▶ [Assigned task] In the material below, begin at the line that has "Cowboys welcome to", stop after the line that has "تؤكد ديوان العرب", and transcribe those lines exactly, without pictures.

▶ [Data listing]
+===+
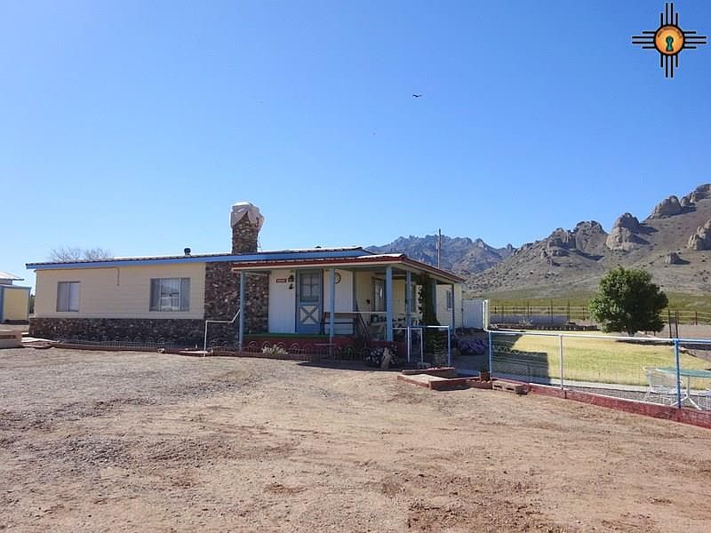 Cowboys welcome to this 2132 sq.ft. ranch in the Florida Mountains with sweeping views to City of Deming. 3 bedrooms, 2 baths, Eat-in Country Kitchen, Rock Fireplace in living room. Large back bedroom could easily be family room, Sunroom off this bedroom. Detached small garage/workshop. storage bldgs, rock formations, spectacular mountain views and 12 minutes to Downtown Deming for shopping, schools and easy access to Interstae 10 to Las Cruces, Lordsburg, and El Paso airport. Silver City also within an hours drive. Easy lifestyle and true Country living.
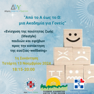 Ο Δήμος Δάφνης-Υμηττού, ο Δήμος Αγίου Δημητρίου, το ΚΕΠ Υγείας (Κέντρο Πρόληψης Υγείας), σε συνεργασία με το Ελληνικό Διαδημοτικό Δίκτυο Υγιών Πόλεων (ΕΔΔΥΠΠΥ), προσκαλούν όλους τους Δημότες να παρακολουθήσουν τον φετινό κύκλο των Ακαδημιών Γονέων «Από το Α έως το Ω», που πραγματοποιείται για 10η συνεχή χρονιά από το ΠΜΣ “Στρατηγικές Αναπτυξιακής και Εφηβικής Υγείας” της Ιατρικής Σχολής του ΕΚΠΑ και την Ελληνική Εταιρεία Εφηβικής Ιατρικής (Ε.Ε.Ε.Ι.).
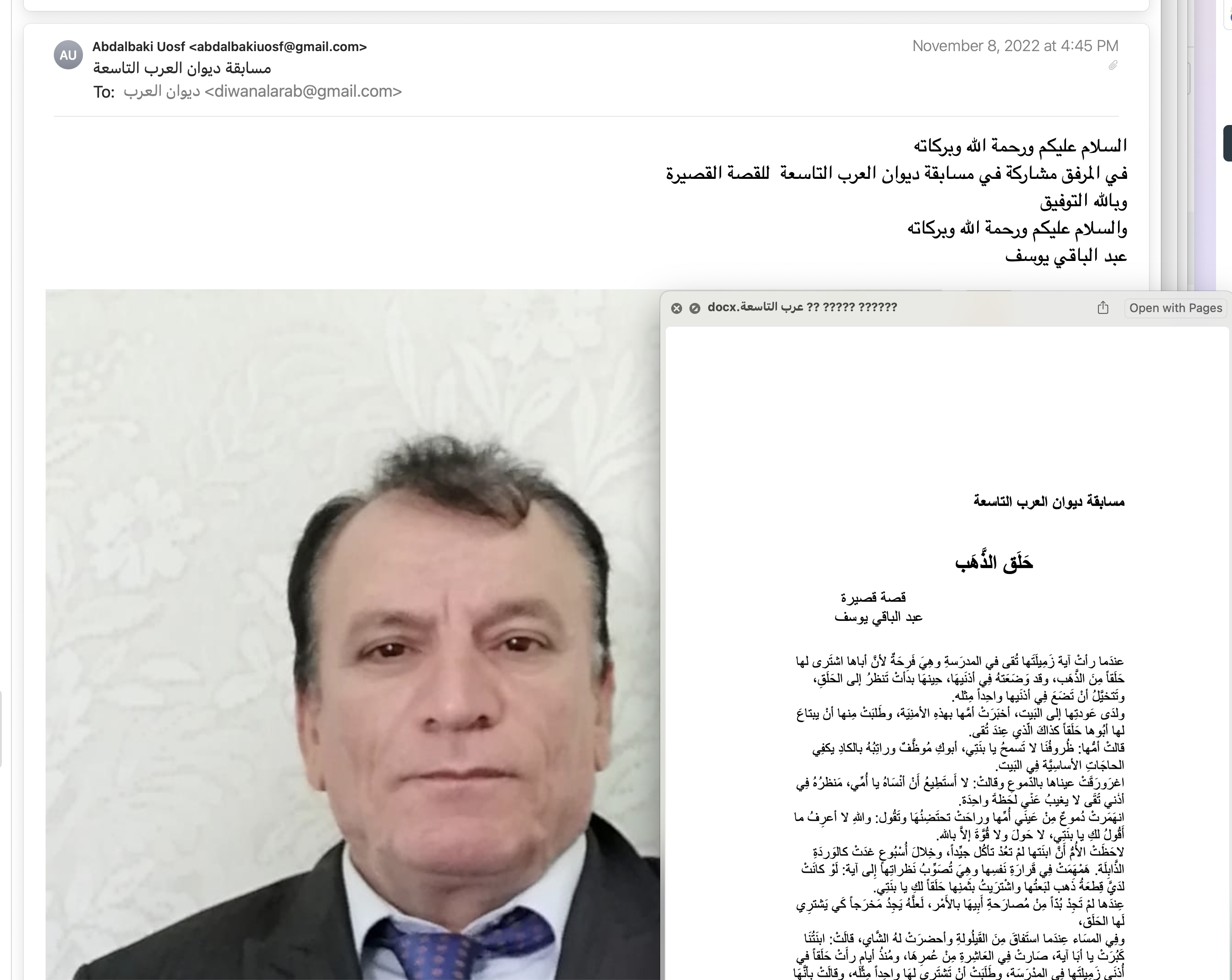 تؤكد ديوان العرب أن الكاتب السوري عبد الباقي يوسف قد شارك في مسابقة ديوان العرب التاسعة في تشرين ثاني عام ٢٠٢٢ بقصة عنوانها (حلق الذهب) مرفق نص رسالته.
+===+
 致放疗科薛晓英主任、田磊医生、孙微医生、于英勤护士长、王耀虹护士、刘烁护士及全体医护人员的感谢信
+===+
▶ [Answer section]
 Cowboys welcome to this 2132 sq.ft. ranch in the Florida Mountains with sweeping views to City of Deming. 3 bedrooms, 2 baths, Eat-in Country Kitchen, Rock Fireplace in living room. Large back bedroom could easily be family room, Sunroom off this bedroom. Detached small garage/workshop. storage bldgs, rock formations, spectacular mountain views and 12 minutes to Downtown Deming for shopping, schools and easy access to Interstae 10 to Las Cruces, Lordsburg, and El Paso airport. Silver City also within an hours drive. Easy lifestyle and true Country living.
 Ο Δήμος Δάφνης-Υμηττού, ο Δήμος Αγίου Δημητρίου, το ΚΕΠ Υγείας (Κέντρο Πρόληψης Υγείας), σε συνεργασία με το Ελληνικό Διαδημοτικό Δίκτυο Υγιών Πόλεων (ΕΔΔΥΠΠΥ), προσκαλούν όλους τους Δημότες να παρακολουθήσουν τον φετινό κύκλο των Ακαδημιών Γονέων «Από το Α έως το Ω», που πραγματοποιείται για 10η συνεχή χρονιά από το ΠΜΣ “Στρατηγικές Αναπτυξιακής και Εφηβικής Υγείας” της Ιατρικής Σχολής του ΕΚΠΑ και την Ελληνική Εταιρεία Εφηβικής Ιατρικής (Ε.Ε.Ε.Ι.).
 تؤكد ديوان العرب أن الكاتب السوري عبد الباقي يوسف قد شارك في مسابقة ديوان العرب التاسعة في تشرين ثاني عام ٢٠٢٢ بقصة عنوانها (حلق الذهب) مرفق نص رسالته.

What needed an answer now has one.